Enel highlights opportunities for hybrid geothermal plants utilising solar and biomass Stillwater geothermal power plant of Enel, Nevada, (source: nbmg.unr.edu)
Francisco Rojas 26 Jan 2015

Two plants that generate electricity by combining different renewable sources, ensuring efficiency, sustainability and care for the environment, can be found in Italy and the USA.

In an age of consumption efficiency and fight against climate change, a number of industrial sectors are moving towards hybridisation. Even Porsche has released three hybrid models that ensure higher performance levels and care for the environment, reduce consumption and offer new technological possibilities. And although the automotive sector has almost monopolised the technology by producing an increasing number of hybrid vehicles, the energy sector is not lagging too far behind.

Domestic hybrid plants are becoming increasingly widespread and single systems combining small renewable technologies, high-efficiency plants and smart air conditioning and heating systems are just as beneficial for homes as hybrid vehicles are for drivers.

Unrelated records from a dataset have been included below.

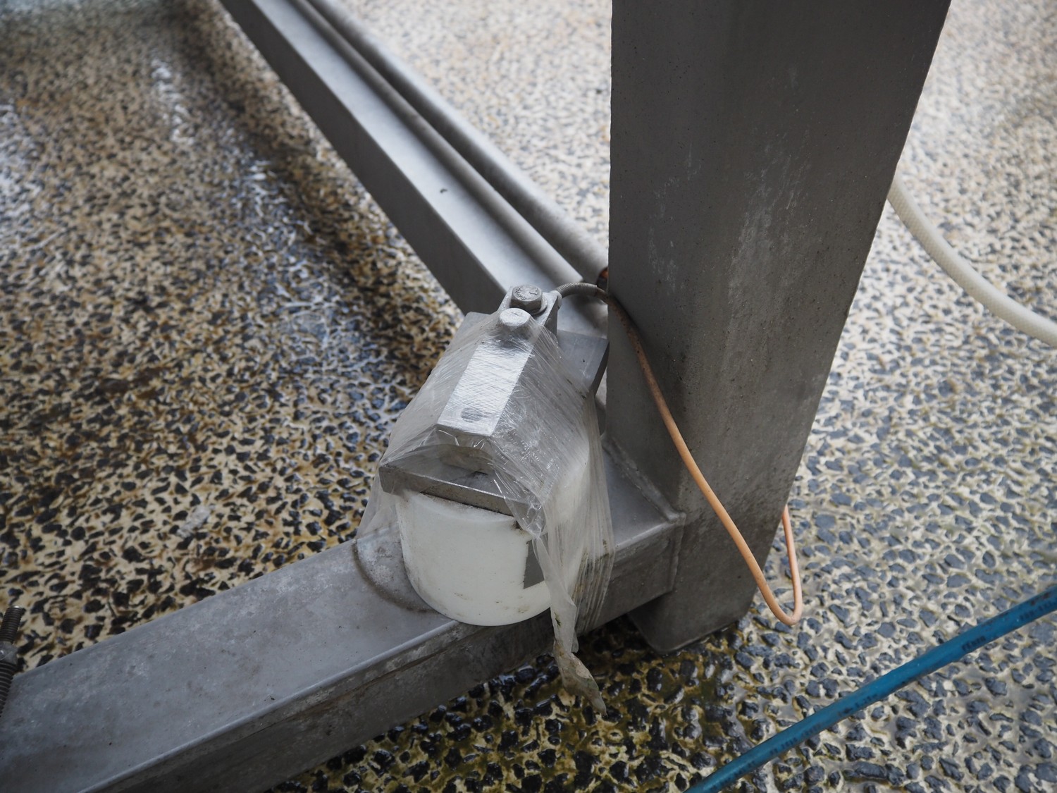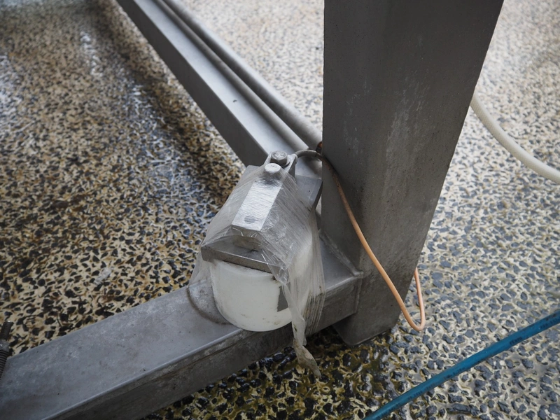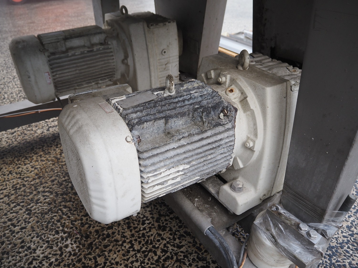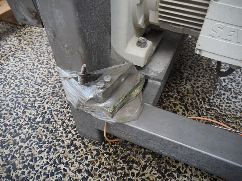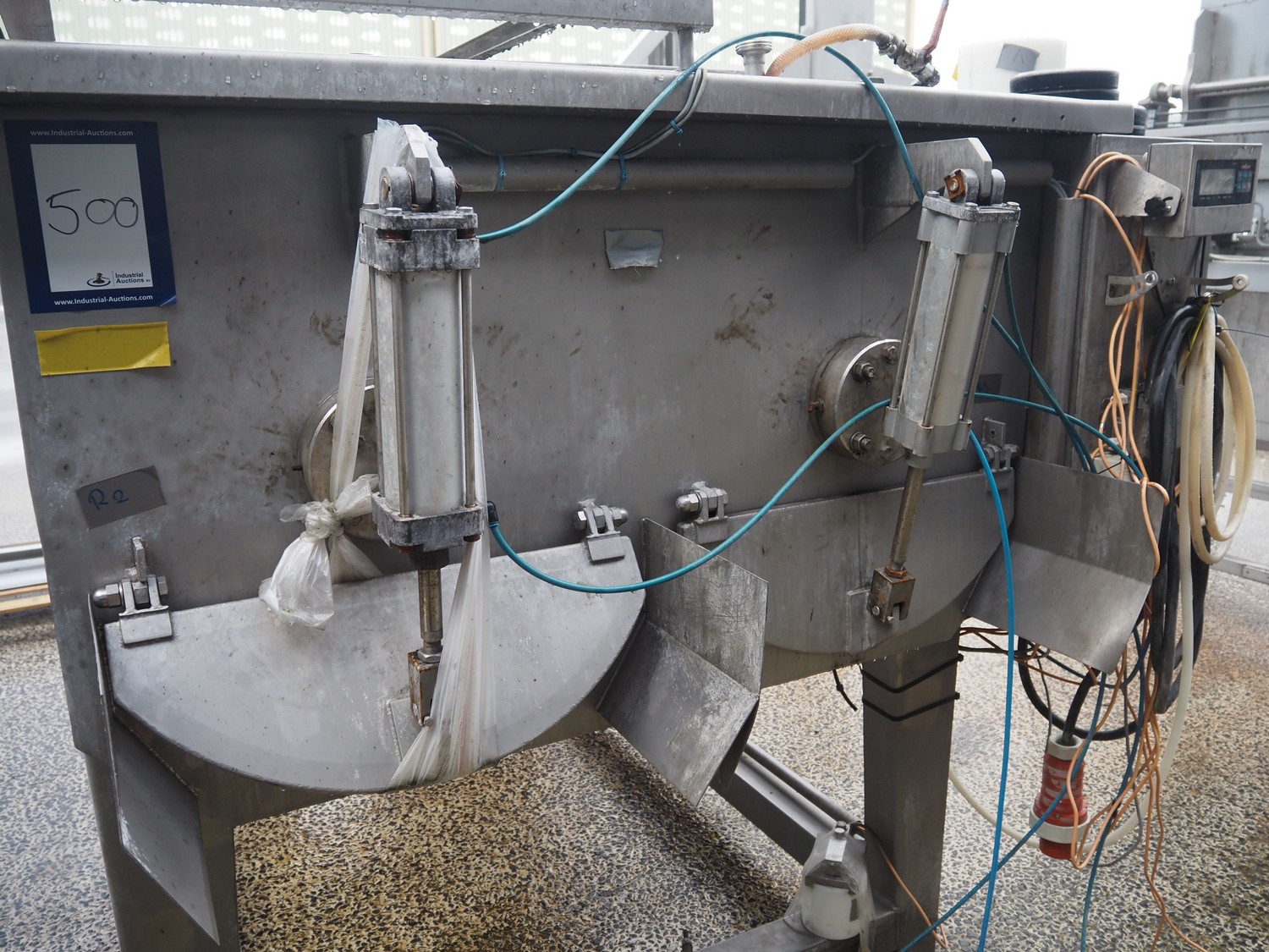 Meyn double shaft paddle mixer on weighing cells, machine number: 49433, year of construction: 1992, inside dimensions drum: 2500 mm x 1500 mm x 700 mm, total dimensions: 3100 mm x 1800 mm x 1850 mm.
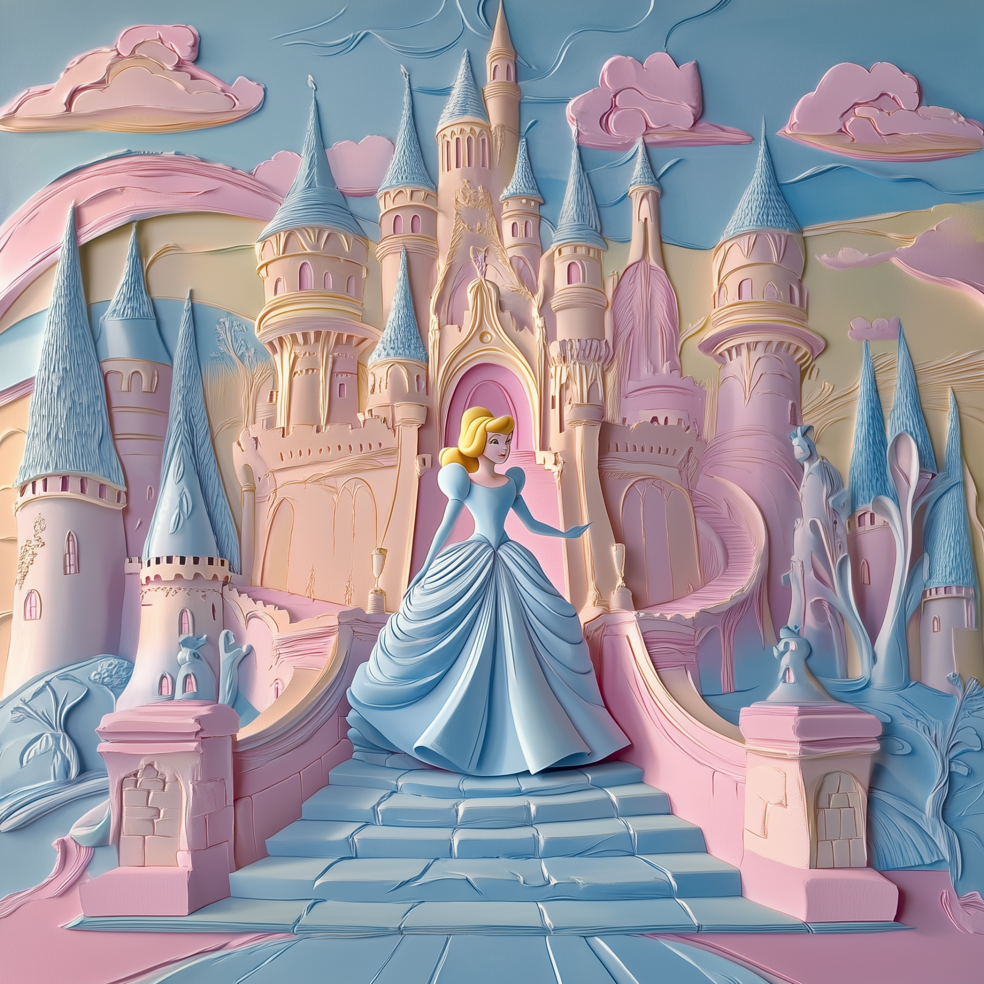 This illustration features a beautiful rendition of Cinderella within her castle, depicted in a very realistic and sharp style. The use of pastel colors adds a soft and whimsical ambiance to the scene, bringing the fairy tale to life.
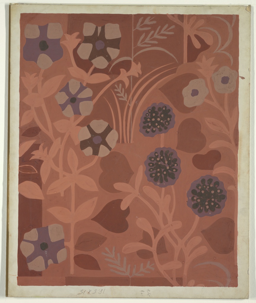 Drawing, Textile Design: Floral Motif, Rust; Donald Deskey (American, 1894–1989); USA; brush and gouache, graphite on off-white illustration board; 50.9 x 41.7 cm (20 1/16 x 16 7/16 in.) Mat: 71.1 x 55.9 cm (28 x 22 in.); Gift of Donald Deskey; 1975-11-36
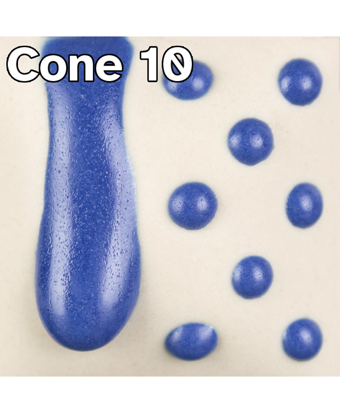 Glaze remains dimensional over Underglazes and Stoneware Engobes; flattens under or over a glaze.

New technologies and sustainability are driving hybridisation and, as Virgil once said, if one may compare small things with great, steps are already being taken to move from small home systems to large electricity facilities. The combination of different energy sources lead to innovation, improved performance, regard for the environment and reduced consumption, as one can see with two examples of a new electricity production model conceived within the Enel Group.

Enel Green Power’s Stillwater geothermal facility in the USA is a perfect example of renewable energy integration: it was the first facility in the world to combine binary-cycle medium-enthalpy geothermal power with the potential of peak capacity solar power. Today, Stillwater has a solar power capacity of up to 26 megwatts thanks to its 89,000 polycrystalline PV solar modules, added to which are the 33MW from the geothermal facility and a 17MW concentrated solar power plant that will be placed nextdoor.

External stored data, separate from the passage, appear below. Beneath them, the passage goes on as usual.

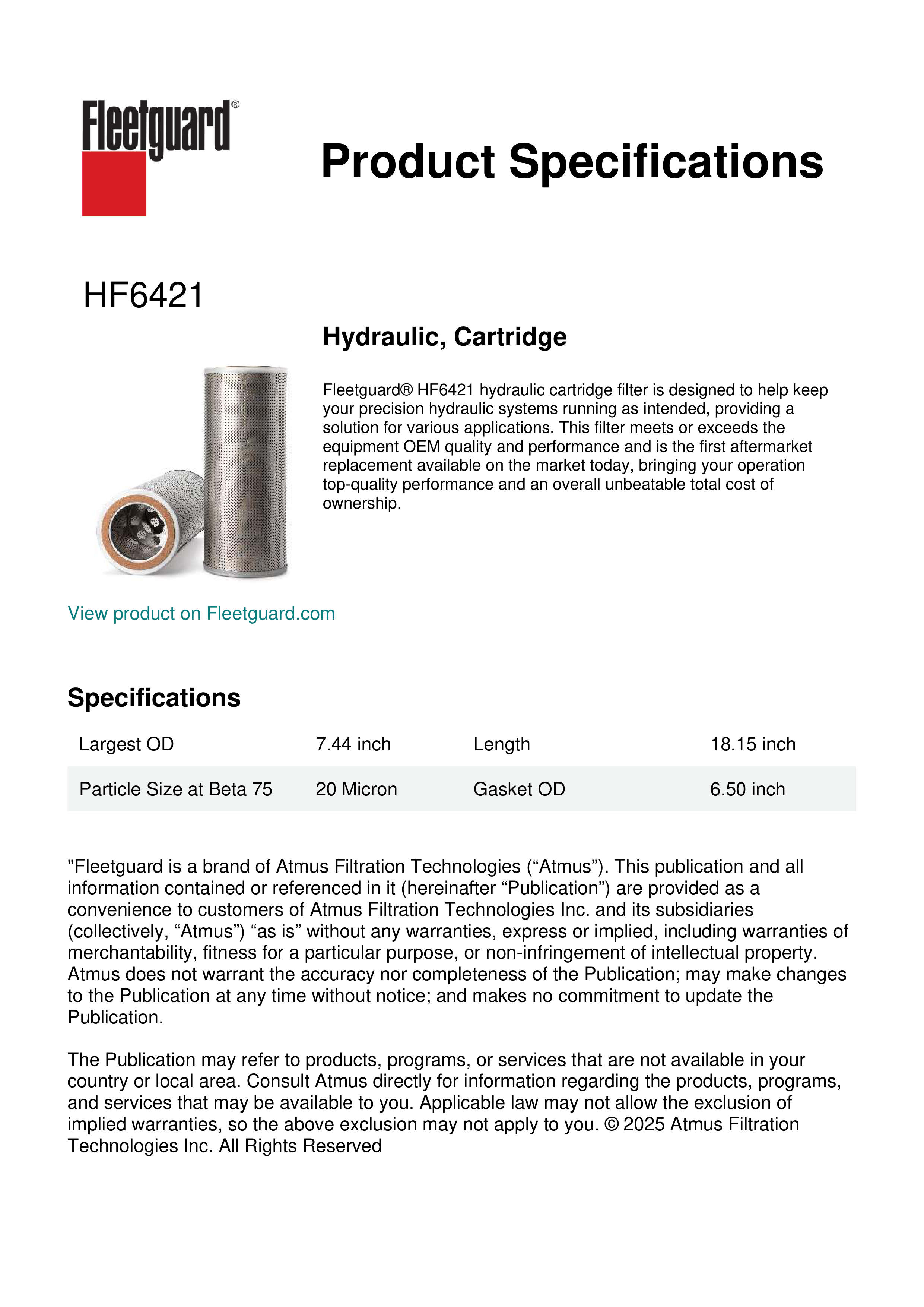 Fleetguard® HF6421 hydraulic cartridge filter is designed to help keep your precision hydraulic systems running as intended, providing a solution for various applications. This filter meets or exceeds the equipment OEM quality and performance and is the first aftermarket replacement available on the market today, bringing your operation top-quality performance and an overall unbeatable total cost of ownership.Specification
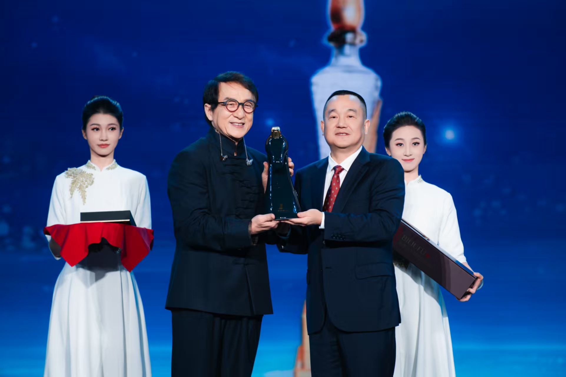 再次点燃现场的是,成龙以泸州老窖·国窖1573文化传播大使的身份惊喜登台。作为致力于向世界传播中国文化的国际巨星,成龙和酒城泸州缘分殊胜,此次他为泸州送上了一份特别的礼物:一套从未公开发行、名为“我还是成龙”的限量版碟片。“我把这份承载光影岁月的礼物送给泸州,愿它也成为诗酒文化中一段温暖的记忆。”泸州老窖集团(股份)公司党委书记、董事长刘淼,国家级非遗“泸州油纸伞制作技艺”代表性传承人毕六福则代表泸州向成龙赠送了两份特别的礼物:一份是“活态双国宝”酿造的国窖1573定制酒“一马青云”,寓意龙马精神、马到成功;一份是国家级非遗代表“水墨龙油纸伞”,寓意圆满吉祥。
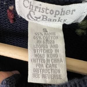 VTG Christopher & Banks Women's Small Navy Hand Embroidered Christmas Cardigan
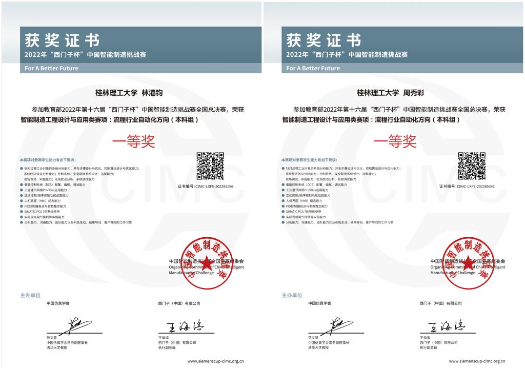 近日,教育部2022年第十六屆CIMC“西門子杯”中國智能制造挑戰(zhàn)賽全國總決賽落下帷幕。結(jié)合當前疫情防控形勢,總決賽采用線上為主的方式進行。經(jīng)過激烈的角逐,我校機械與控制工程學院教師陳明霞、張烈平指導的研究生林港鈞、本科生周秀彩組成的參賽隊伍獲得了智能制造工程設(shè)計與應用類賽項流程行業(yè)自動化方向的全國總決賽一等獎。此外,在全國初賽階段,我校學子還獲得一等獎1項、二等獎6項、三等獎4項的好成績。

The combination of two or more technologies increases generation of zero emissions energy and enables both the use of the same infrastructure and the better exploitation of each technology, reducing problems related to the unpredictable nature of wind and solar power.

Enel’s hybrid plants bring the United States and Europe together in geothermal development, and while in the USA geothermal is combined with PV solar, in Italy biomass is the key partner. A few months ago in the town of Castelnuovo Val di Cecina in Tuscany, EGP opened the worksite for the construction of the world’s first plant to use biomass to heat geothermal steam, increasing energy efficiency and the electricity output of the geothermal cycle.

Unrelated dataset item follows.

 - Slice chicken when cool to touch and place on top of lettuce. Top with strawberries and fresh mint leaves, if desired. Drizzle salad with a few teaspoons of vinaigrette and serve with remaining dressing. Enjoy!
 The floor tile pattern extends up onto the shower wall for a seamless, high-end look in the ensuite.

The existing geothermal plant will be supplemented by a small plant powered with locally sourced virgin forest biomass produced within a radius of 70 km of the facility. The steam entering the plant will be heated to raise the initial temperature to between 370°-380° from 150°-160°, increasing net power generation capacity, thanks to both the greater enthalpy of the steam and the enhanced efficiency of the cycle due to lower humidity in the generation phase.